カリフォルニア州パロアルトに拠点を置くこのスタートアップは、自然言語処理を用いて公開されている科学論文から記事を抜粋して提供することでこれを実現している。Biozは、製品の選択、実験の計画、論文の執筆、助成金の申請、共同研究、実験と創薬の迅速化などにおいて実験者を支援するプラットフォームとなる。
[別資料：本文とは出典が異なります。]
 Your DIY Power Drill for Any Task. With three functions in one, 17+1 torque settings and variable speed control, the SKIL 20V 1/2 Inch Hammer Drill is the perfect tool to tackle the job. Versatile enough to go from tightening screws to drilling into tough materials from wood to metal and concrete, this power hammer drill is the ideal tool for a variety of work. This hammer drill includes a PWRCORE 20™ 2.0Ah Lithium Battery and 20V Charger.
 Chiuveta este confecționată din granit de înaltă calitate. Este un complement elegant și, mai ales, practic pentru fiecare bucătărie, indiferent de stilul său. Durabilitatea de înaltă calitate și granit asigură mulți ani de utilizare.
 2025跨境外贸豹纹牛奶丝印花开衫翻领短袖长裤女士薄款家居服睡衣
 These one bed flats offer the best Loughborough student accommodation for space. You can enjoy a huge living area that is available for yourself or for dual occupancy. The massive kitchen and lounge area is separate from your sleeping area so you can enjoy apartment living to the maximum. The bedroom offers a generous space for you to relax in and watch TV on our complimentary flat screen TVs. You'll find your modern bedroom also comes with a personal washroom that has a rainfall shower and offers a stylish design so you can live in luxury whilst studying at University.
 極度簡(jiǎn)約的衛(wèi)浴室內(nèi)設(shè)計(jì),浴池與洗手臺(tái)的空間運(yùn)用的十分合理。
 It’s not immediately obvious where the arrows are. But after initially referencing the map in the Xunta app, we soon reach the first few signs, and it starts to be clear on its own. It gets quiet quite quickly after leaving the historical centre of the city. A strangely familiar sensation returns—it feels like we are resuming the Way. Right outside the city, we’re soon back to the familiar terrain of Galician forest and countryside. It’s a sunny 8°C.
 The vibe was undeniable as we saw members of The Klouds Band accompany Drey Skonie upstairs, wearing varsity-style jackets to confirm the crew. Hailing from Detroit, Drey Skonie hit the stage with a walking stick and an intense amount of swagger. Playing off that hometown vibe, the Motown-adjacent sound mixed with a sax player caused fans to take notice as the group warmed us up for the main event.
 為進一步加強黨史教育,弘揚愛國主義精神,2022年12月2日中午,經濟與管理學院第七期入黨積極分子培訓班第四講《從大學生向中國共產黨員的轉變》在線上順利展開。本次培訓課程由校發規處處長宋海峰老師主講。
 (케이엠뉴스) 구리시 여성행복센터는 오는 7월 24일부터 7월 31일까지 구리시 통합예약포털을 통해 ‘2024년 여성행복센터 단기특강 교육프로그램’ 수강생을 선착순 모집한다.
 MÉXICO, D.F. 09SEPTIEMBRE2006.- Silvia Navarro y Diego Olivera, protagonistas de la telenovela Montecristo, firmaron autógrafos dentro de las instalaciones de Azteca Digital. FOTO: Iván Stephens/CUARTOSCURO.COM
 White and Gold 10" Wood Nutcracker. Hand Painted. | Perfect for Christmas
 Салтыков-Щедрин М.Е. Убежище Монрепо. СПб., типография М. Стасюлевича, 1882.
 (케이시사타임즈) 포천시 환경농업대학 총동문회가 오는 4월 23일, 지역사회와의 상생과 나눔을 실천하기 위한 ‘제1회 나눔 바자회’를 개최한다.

科学論文の全体検索を提供する検索エンジンは、Biozが初ではない。すでにGoogle Scholarや人気のPLOS ONEによってピアレビュー済みの文献から研究者が利用できる論文を探し出すことができる。しかし、Biozは同社のビジネスモデルが他社とは一線を画したものであると考えている。

Biozは、検索結果の利用に関連して研究者に請求を行わない代わりに、ベンダーに対してクリックごとに一定料金を請求するという。この仕組みの全体像については明らかになっていない。説明は極めて怪しげに聞こえるし、ベンダー向けの広告モデルに関しては無料の競合サイトが存在するが、広報から得た情報によれば、論文を検索している間にベンダーのサイトがクリックされると、ベンダーに料金が発生するのだという。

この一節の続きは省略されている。